■ **Exercise objective**:
Beginning at the line containing "Od 1 lipca (wtedy", repeat each line below exactly up to and including the line containing "경기 전 SBS ESPN". Do not repeat the pictures.

* * *

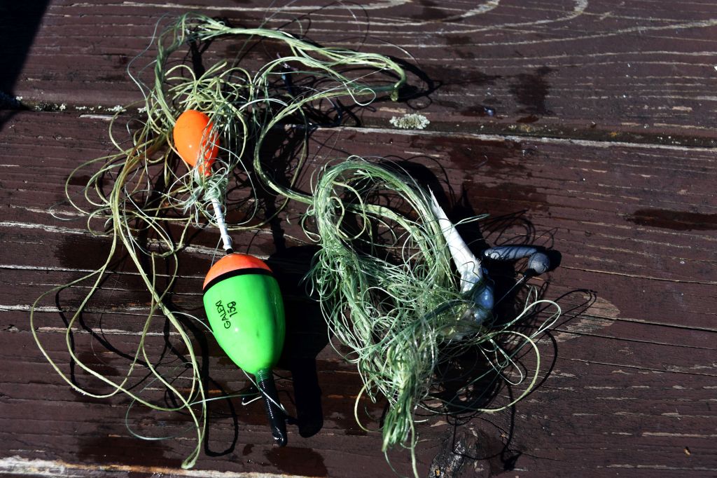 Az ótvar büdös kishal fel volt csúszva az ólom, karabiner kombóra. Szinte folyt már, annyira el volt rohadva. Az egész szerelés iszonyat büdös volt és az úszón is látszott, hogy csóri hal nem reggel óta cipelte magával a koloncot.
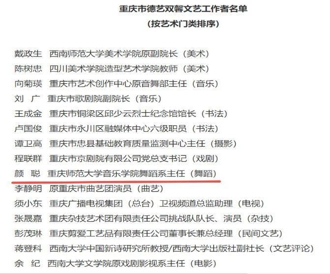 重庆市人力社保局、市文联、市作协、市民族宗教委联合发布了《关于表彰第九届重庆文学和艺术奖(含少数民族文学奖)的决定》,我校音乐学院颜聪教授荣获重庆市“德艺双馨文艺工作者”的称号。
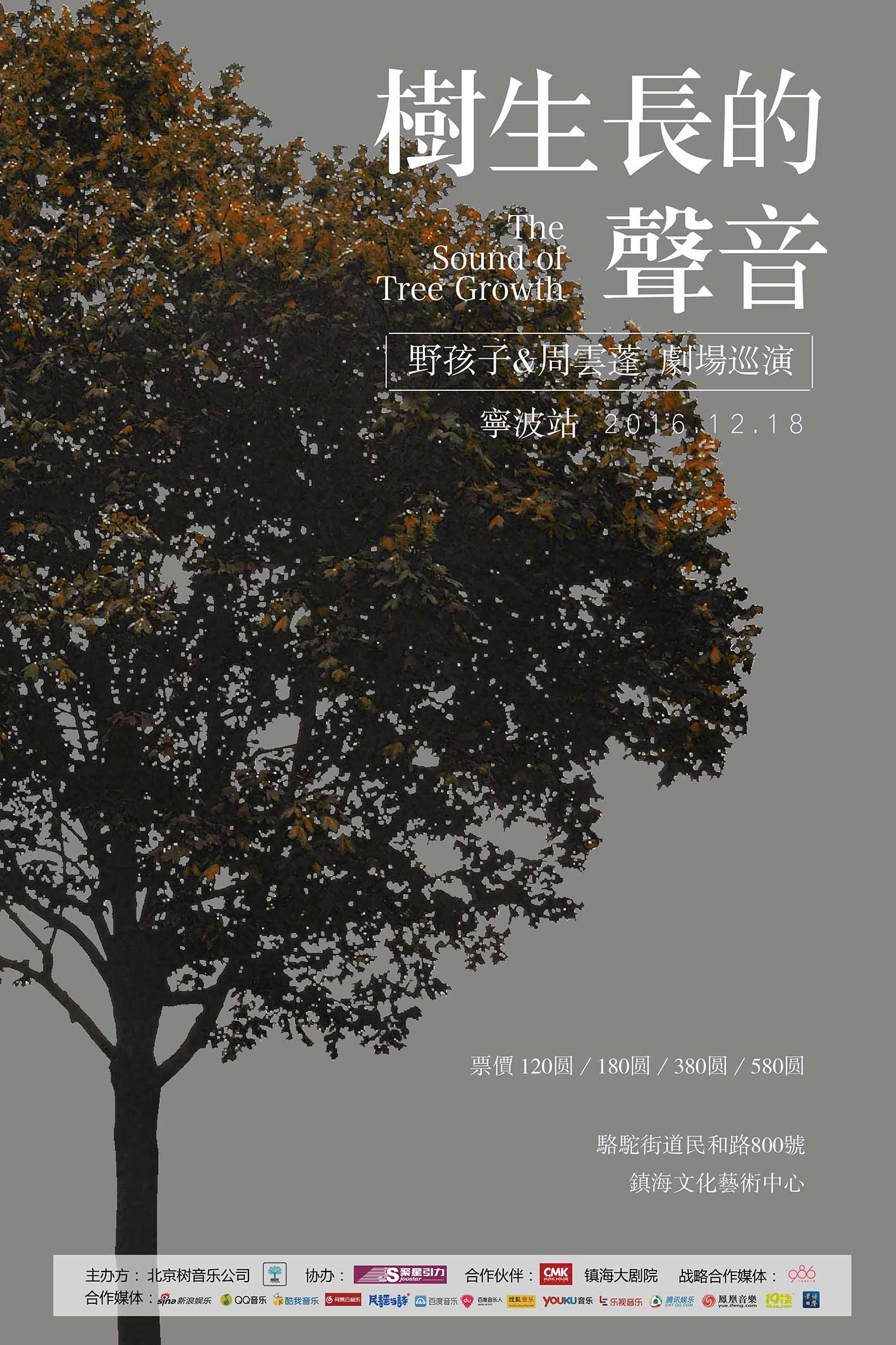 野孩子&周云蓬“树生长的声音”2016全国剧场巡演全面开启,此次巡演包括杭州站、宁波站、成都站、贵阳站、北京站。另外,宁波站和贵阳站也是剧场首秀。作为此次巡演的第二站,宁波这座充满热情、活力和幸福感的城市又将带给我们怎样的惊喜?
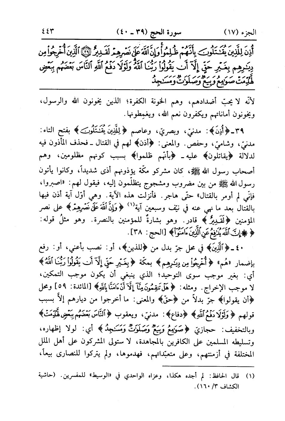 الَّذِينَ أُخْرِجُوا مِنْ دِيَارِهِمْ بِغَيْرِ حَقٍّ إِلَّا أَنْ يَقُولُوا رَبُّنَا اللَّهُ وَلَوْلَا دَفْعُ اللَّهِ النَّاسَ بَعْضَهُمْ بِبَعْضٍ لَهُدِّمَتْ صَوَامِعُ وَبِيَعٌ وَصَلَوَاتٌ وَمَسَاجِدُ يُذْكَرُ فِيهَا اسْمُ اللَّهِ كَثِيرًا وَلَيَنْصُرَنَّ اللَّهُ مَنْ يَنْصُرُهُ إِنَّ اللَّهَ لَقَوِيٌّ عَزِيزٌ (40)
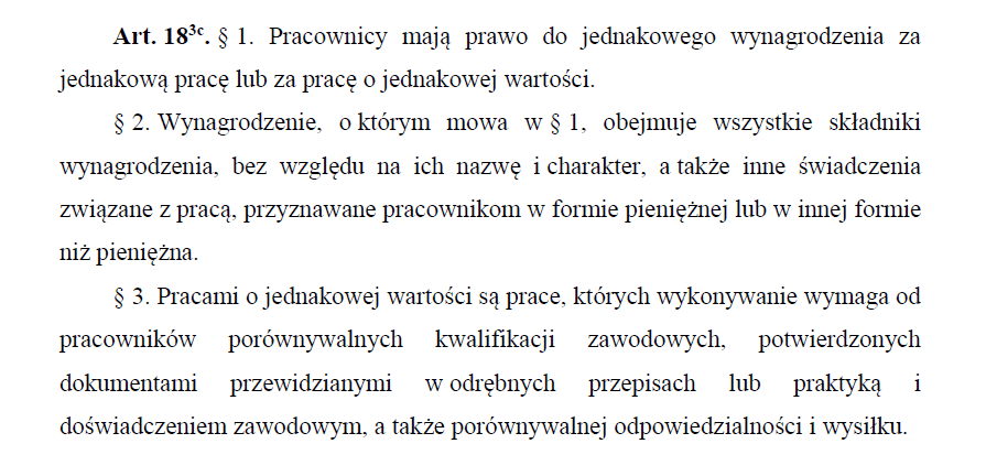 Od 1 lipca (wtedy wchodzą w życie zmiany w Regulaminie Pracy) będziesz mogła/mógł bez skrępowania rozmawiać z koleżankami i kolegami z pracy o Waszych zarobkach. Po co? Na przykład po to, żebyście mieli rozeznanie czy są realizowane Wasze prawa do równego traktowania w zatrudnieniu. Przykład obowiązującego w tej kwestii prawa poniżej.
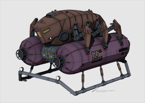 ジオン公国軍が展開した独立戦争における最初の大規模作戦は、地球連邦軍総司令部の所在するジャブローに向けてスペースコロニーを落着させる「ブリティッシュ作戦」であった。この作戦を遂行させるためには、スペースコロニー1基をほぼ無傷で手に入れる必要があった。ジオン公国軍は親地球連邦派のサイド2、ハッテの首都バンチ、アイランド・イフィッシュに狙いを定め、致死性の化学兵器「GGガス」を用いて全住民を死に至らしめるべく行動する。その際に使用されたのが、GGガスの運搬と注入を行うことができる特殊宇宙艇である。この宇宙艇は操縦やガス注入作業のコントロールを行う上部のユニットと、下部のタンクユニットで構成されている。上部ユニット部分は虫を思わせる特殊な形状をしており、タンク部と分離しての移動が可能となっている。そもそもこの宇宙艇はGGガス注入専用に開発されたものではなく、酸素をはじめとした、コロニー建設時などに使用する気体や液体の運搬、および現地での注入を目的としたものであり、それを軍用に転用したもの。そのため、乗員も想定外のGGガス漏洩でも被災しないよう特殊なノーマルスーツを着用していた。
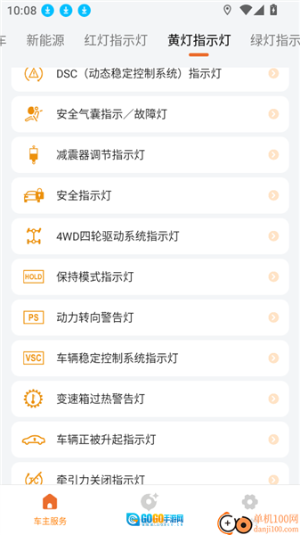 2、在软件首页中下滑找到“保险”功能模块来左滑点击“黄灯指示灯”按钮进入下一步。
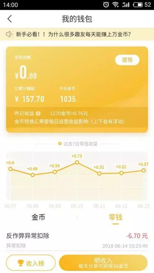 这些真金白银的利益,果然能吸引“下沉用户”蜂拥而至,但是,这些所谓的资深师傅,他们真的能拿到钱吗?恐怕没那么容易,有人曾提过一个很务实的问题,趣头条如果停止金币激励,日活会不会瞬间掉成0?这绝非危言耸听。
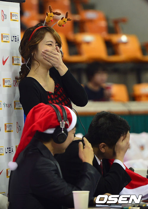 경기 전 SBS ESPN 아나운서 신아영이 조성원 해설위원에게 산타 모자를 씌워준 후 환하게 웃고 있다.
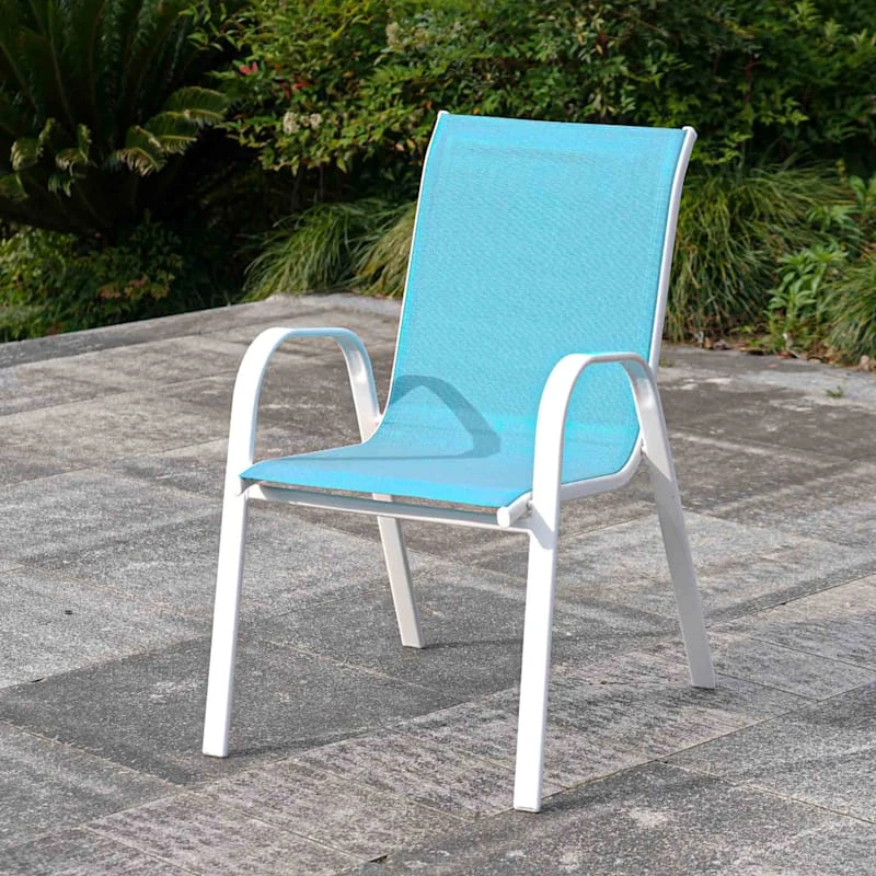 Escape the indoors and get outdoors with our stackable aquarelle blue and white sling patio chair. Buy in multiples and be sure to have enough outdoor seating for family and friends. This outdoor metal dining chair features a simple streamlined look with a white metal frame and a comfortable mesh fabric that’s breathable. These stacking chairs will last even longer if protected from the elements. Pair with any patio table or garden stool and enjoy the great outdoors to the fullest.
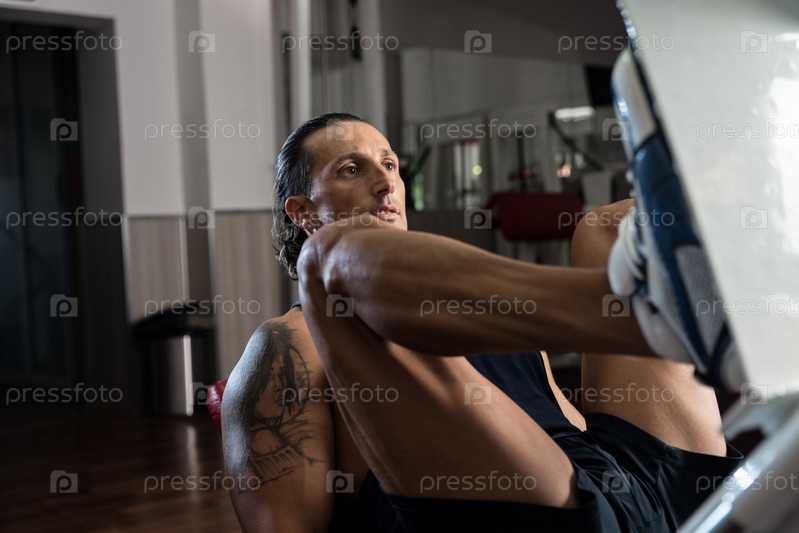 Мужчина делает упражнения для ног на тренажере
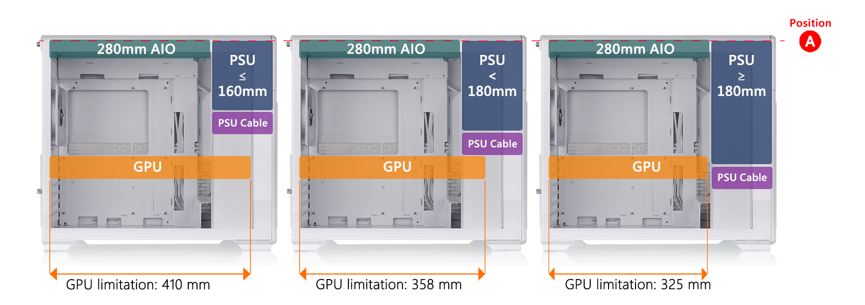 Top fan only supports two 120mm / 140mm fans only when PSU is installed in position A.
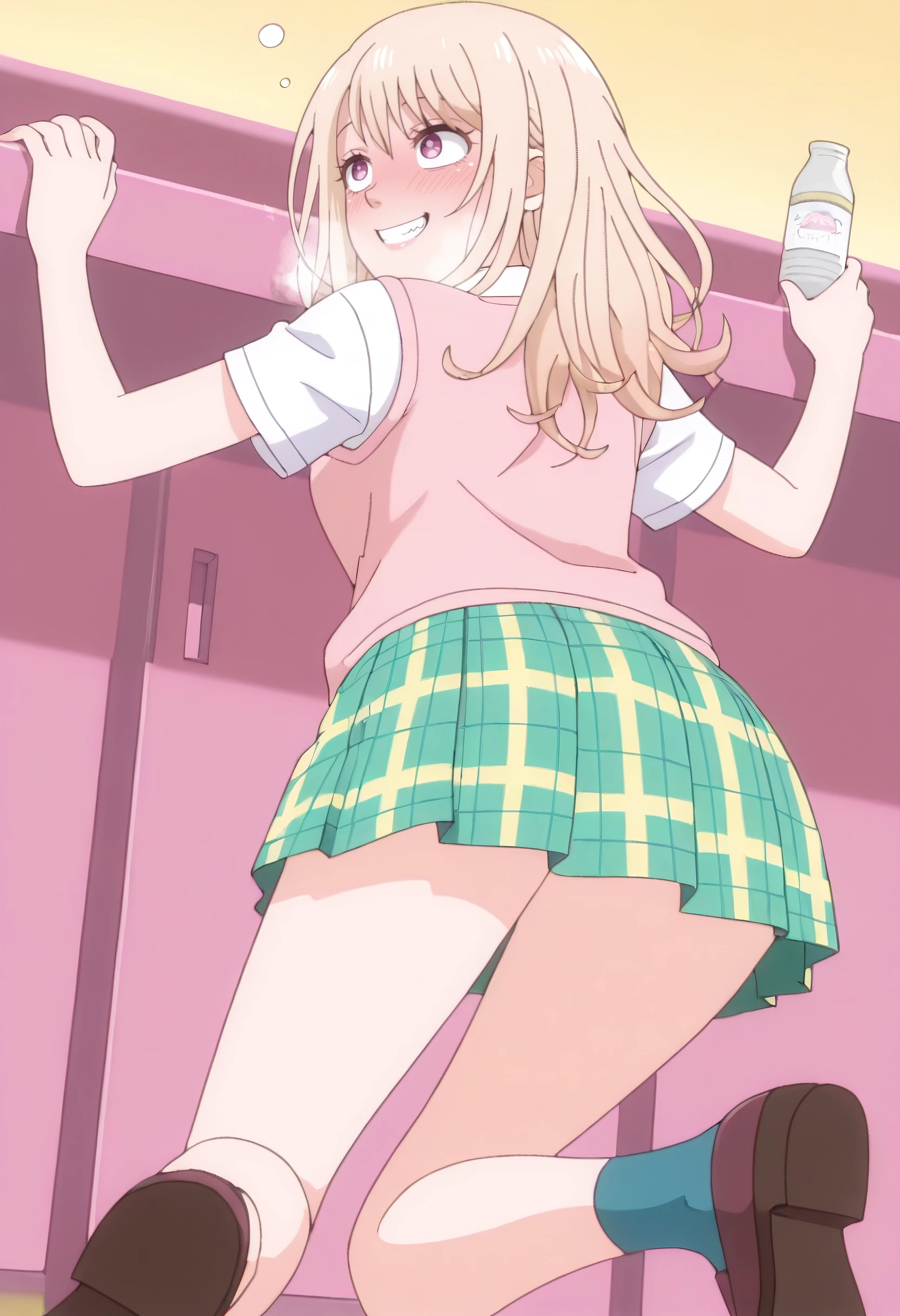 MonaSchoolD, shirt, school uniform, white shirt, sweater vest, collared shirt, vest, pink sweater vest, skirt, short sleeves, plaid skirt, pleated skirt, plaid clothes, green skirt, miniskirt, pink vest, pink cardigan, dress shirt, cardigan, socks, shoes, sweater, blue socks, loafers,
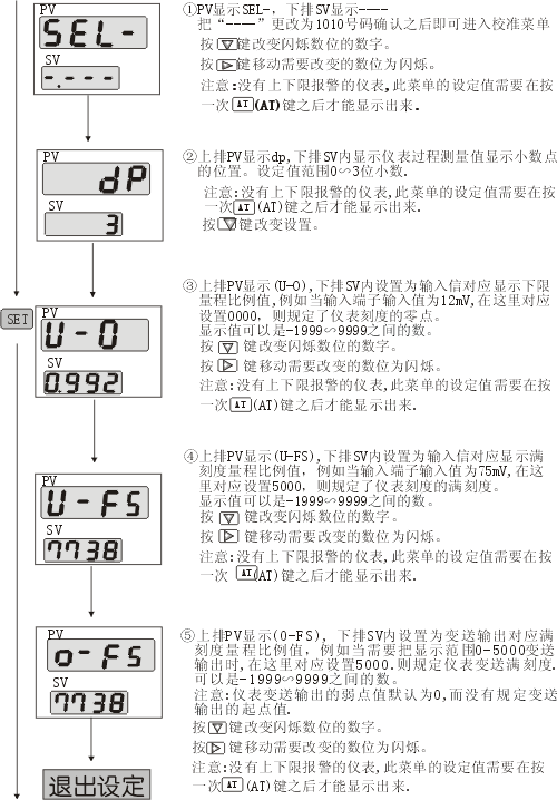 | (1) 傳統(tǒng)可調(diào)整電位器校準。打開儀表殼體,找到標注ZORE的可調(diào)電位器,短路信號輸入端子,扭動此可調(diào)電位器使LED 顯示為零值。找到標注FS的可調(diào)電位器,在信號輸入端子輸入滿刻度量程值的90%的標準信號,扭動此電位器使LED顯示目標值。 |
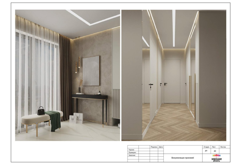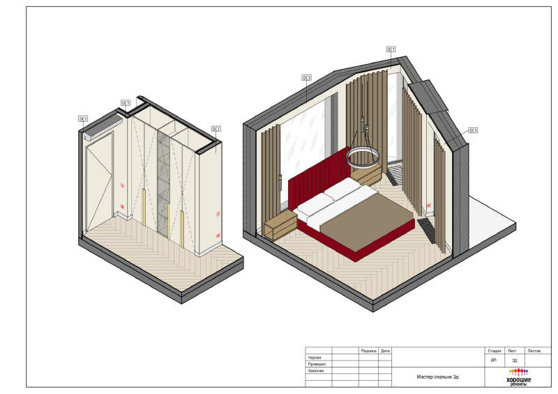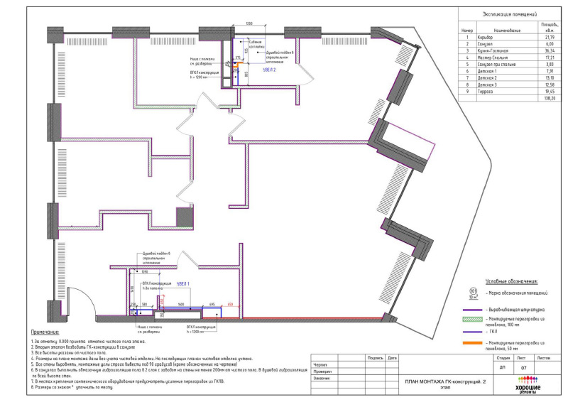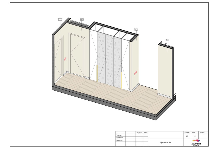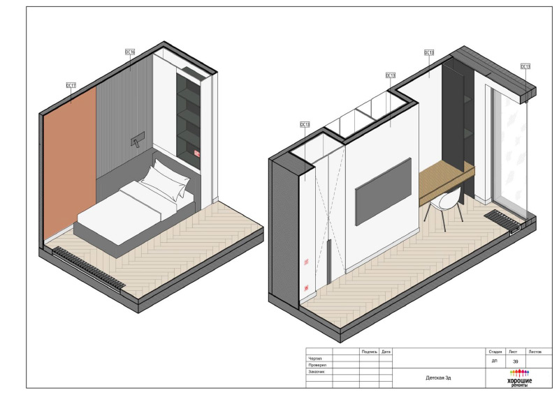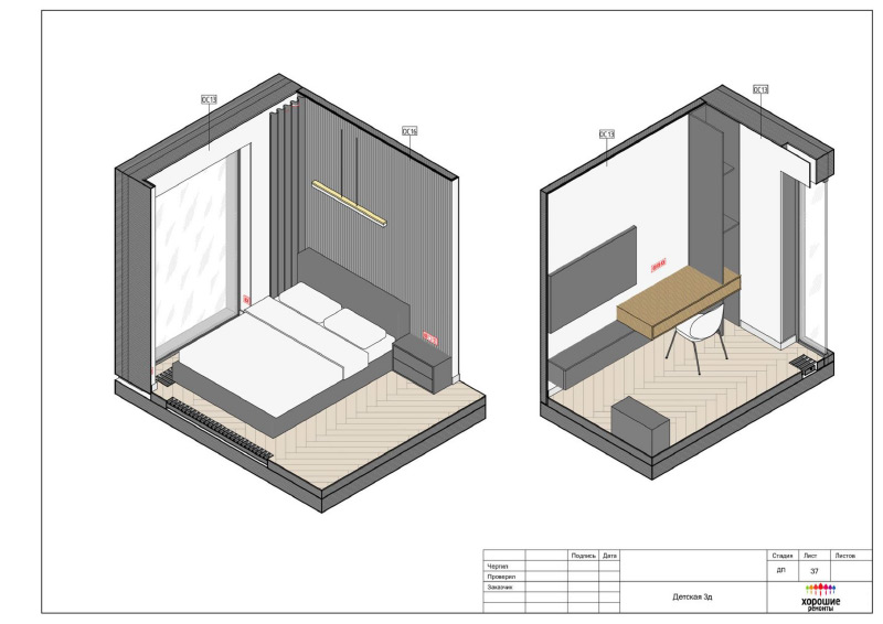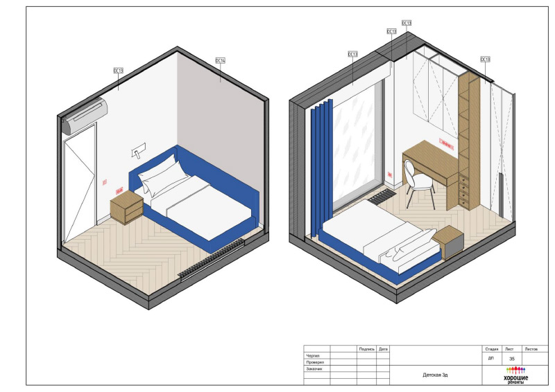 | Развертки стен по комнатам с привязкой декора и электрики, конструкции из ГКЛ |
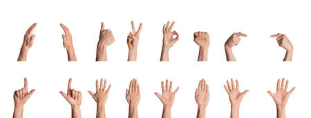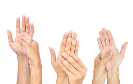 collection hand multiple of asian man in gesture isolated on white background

* * *

■ **Output**:
 Od 1 lipca (wtedy wchodzą w życie zmiany w Regulaminie Pracy) będziesz mogła/mógł bez skrępowania rozmawiać z koleżankami i kolegami z pracy o Waszych zarobkach. Po co? Na przykład po to, żebyście mieli rozeznanie czy są realizowane Wasze prawa do równego traktowania w zatrudnieniu. Przykład obowiązującego w tej kwestii prawa poniżej.
 ジオン公国軍が展開した独立戦争における最初の大規模作戦は、地球連邦軍総司令部の所在するジャブローに向けてスペースコロニーを落着させる「ブリティッシュ作戦」であった。この作戦を遂行させるためには、スペースコロニー1基をほぼ無傷で手に入れる必要があった。ジオン公国軍は親地球連邦派のサイド2、ハッテの首都バンチ、アイランド・イフィッシュに狙いを定め、致死性の化学兵器「GGガス」を用いて全住民を死に至らしめるべく行動する。その際に使用されたのが、GGガスの運搬と注入を行うことができる特殊宇宙艇である。この宇宙艇は操縦やガス注入作業のコントロールを行う上部のユニットと、下部のタンクユニットで構成されている。上部ユニット部分は虫を思わせる特殊な形状をしており、タンク部と分離しての移動が可能となっている。そもそもこの宇宙艇はGGガス注入専用に開発されたものではなく、酸素をはじめとした、コロニー建設時などに使用する気体や液体の運搬、および現地での注入を目的としたものであり、それを軍用に転用したもの。そのため、乗員も想定外のGGガス漏洩でも被災しないよう特殊なノーマルスーツを着用していた。
 2、在软件首页中下滑找到“保险”功能模块来左滑点击“黄灯指示灯”按钮进入下一步。
 这些真金白银的利益,果然能吸引“下沉用户”蜂拥而至,但是,这些所谓的资深师傅,他们真的能拿到钱吗?恐怕没那么容易,有人曾提过一个很务实的问题,趣头条如果停止金币激励,日活会不会瞬间掉成0?这绝非危言耸听。
 경기 전 SBS ESPN 아나운서 신아영이 조성원 해설위원에게 산타 모자를 씌워준 후 환하게 웃고 있다.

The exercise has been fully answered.